If Eagles don't nail this hire, next year's search could be for a new head coach
If Eagles don't nail this hire, next year's search could be for a new head coach originally appeared on NBC Sports Philadelphia
This year it's Kevin Patullo. If the Eagles don't get this right, next year it could very well be Nick Sirianni.
This is such a crucial hire, not just for the team but for the head coach as well. Because if they hire the wrong person, the search a year from now could be for a new head coach.
It's that important.
We saw this year how much the wrong offensive coordinator and play caller can derail a season that began with such high expectations.

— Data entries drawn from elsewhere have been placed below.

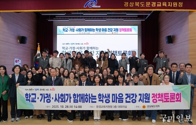김경숙 의원(더불어민주당)은 10월 28일(화) 문경교육지원청 대회의실에서 열린 ‘학교·가정·사회가 함께하는 학생 마음 건강 지원' 정책토론회'에서 좌장을 맡아 경북 학생 마음 건강 증진을 위한 방안을 제시했다.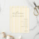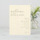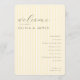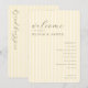 This elegant wedding program features a minimalist design with a light beige background and subtle diagonal stripes. The layout is vertically structured, showcasing the word "welcome" in an elegant cursive script at the top, followed by bold uppercase names for the couple. A clean sans-serif font lists the ceremony schedule on the right side, providing clarity and organization. The neutral color palette creates a calm and inviting atmosphere, perfect for a formal event. Ideal for couples seeking understated sophistication, this program combines simplicity with refined typography to set the tone for their special day.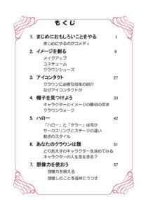 クラウンになるために必要なエッセンスや、数々のスキル、クラウンの学習方法等を、丁寧にレクチャーします。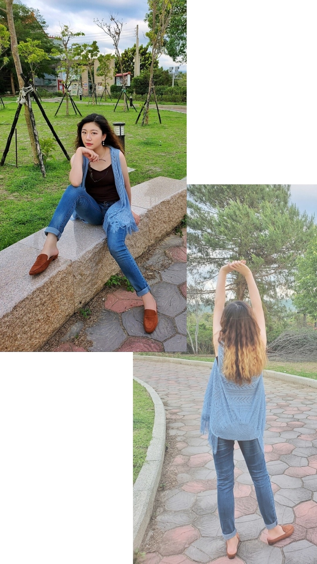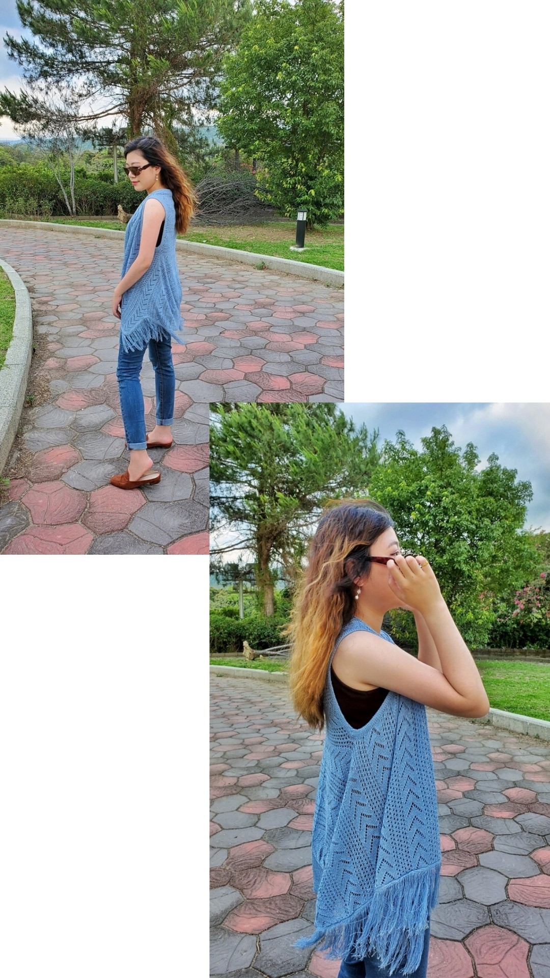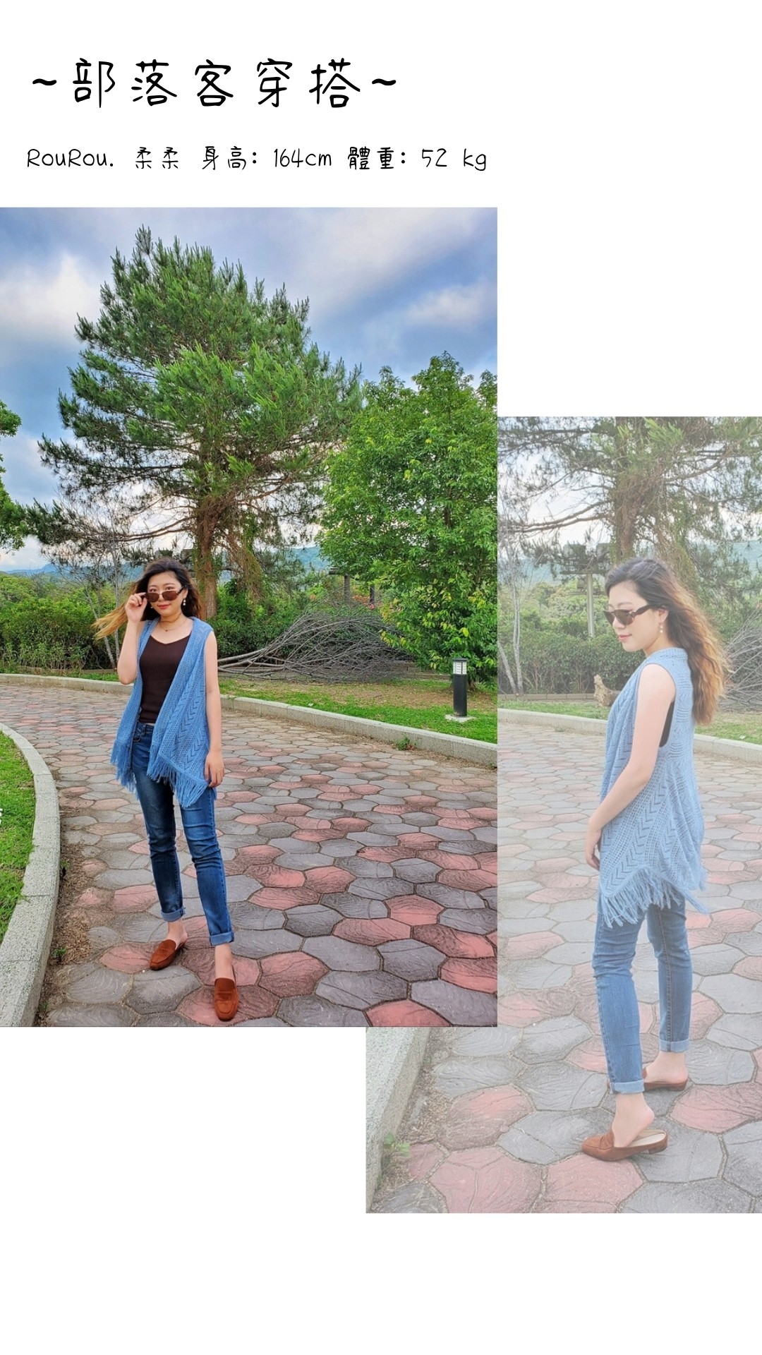 • 針織背心長度79cm 剛好可以蓋住臀部,流蘇的設計更讓臀部被修飾,搭配素雅的洋裝或內搭就很有質感。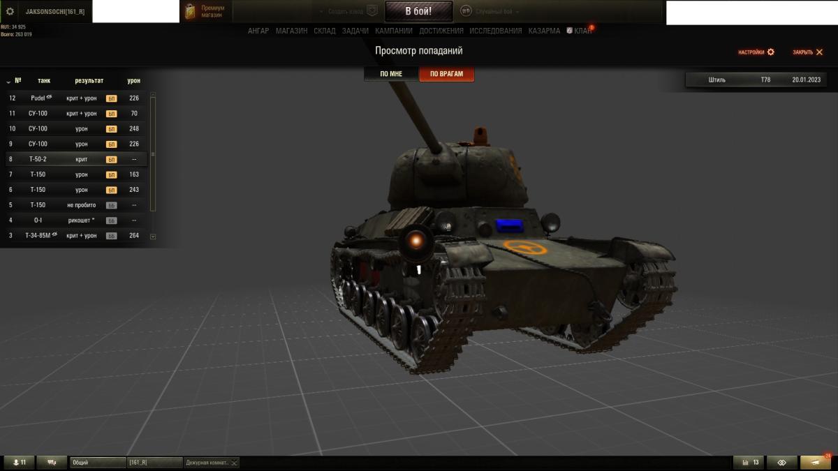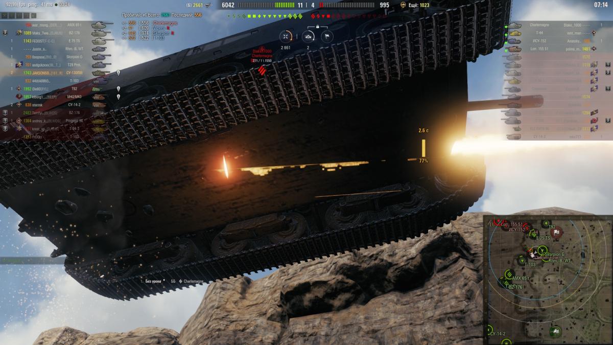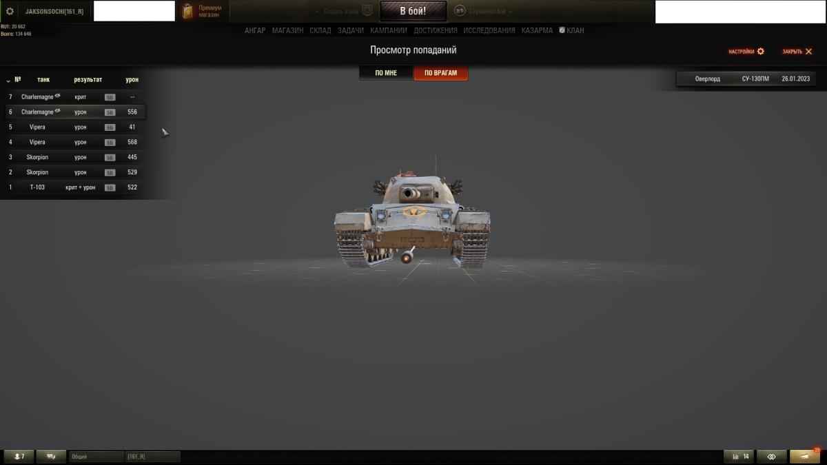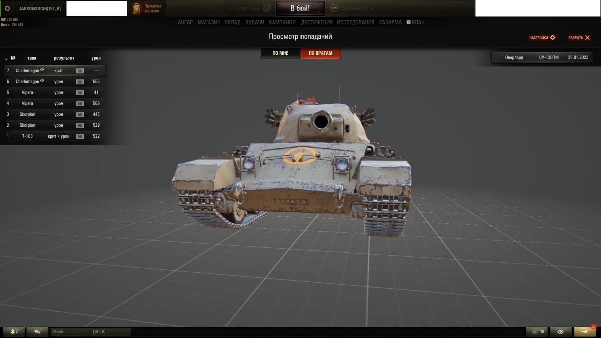 Всем привет, играя на СУ-130ПМ и стреляя по Charlemagne произошло то, чему не смог найти объяснение. 1-ый скрин: Ангарный мод показывает попадание в НЛД и пробитие (556 урона); 2-ой скрин: Ангарный мод зафиксировал попадание в танк, но нет информации о месте попадания и результатах этого попадания; с 3-го - по 7-ой скрины: траектория снаряда 2-го выстрела (по логу урона виден результат 1-го выстрела - пробитие (556 урона)). Вопрос в том, почему попав 2-ым выстрелом в НЛД (по схеме бронирования и углу вхождения снаряда там был шанс пробить примерно 50%) мне сообщился результат - "Не попал в броню"? Если бы сообщили что "Не пробил", вопросов бы не возникло, но по траектории снаряда (на скринах из реплея) видно как он прошел сквозь броню НЛД и взорвался за танком в земле.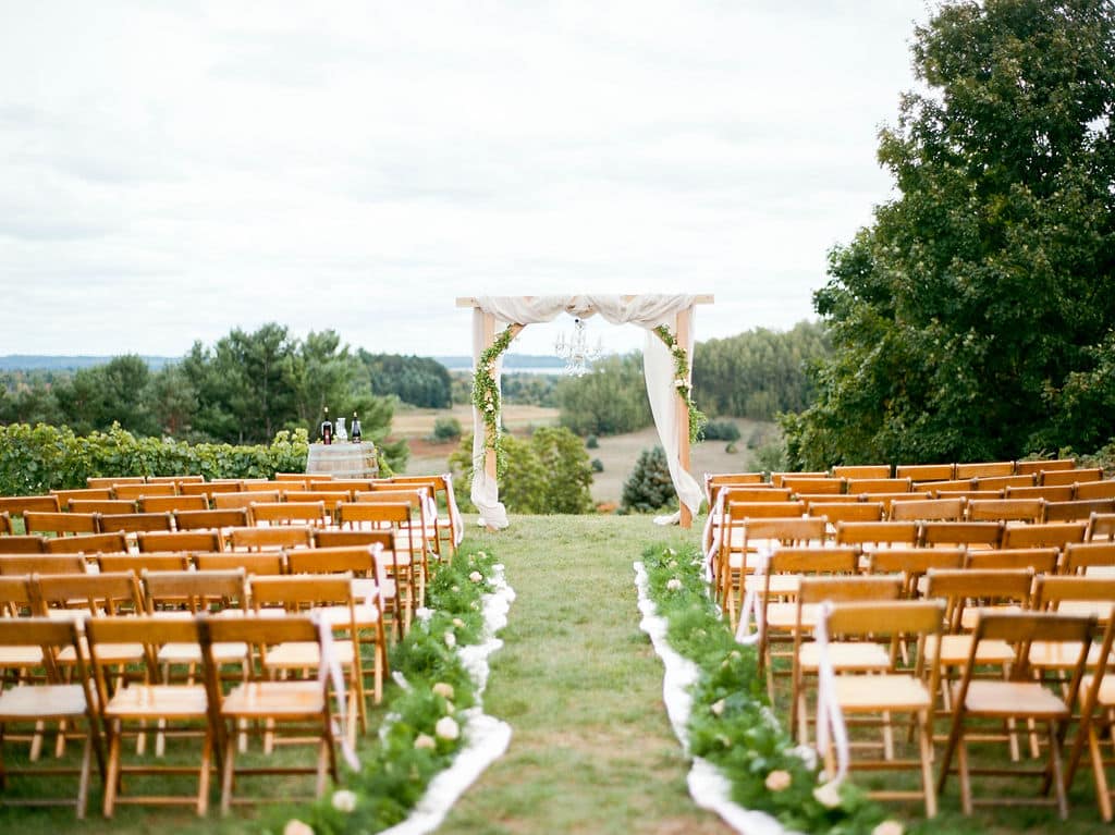 Vineyard wedding overlooking Grand Traverse Bay at Black Star Farms near Traverse City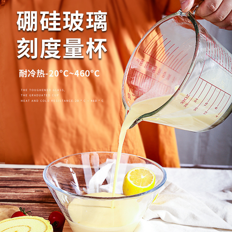 目盛り付き家庭用計量カップ、キッチンハンドル付きシリコンボロシリカガラス製ミルクカップ、耐熱カップ、卵泡立て器、卸売
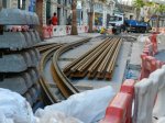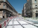 - Même bifurcation de la place Edouard-Adam à Montpellier, photographiée le vendredi 24 juillet 2015. Deux coupons de rails en courbe ont été remplacés. Copyright : Edouard Paris

It started out bad and just kept getting worse until the disastrous playoff loss to the 49ers.
The first thing that's baffling is why Sirianni thought Patullo was the right guy for the job in the first place. They worked together since 2018, three years with the Colts, four years here, so by the time he promoted him to replace Kellen Moore a year ago they had spent seven years alongside each other. How you can miss so badly and not understand the limitations of a colleague you've been around for so long is alarming.
What's just as concerning as Patullo's inability to get the most out of the vast talent on the offensive side of the football is Sirianni's inability to make a difference. This is an offensive head coach with two Super Bowl appearances and a championship and one of the highest won-loss records in NFL history on his resume.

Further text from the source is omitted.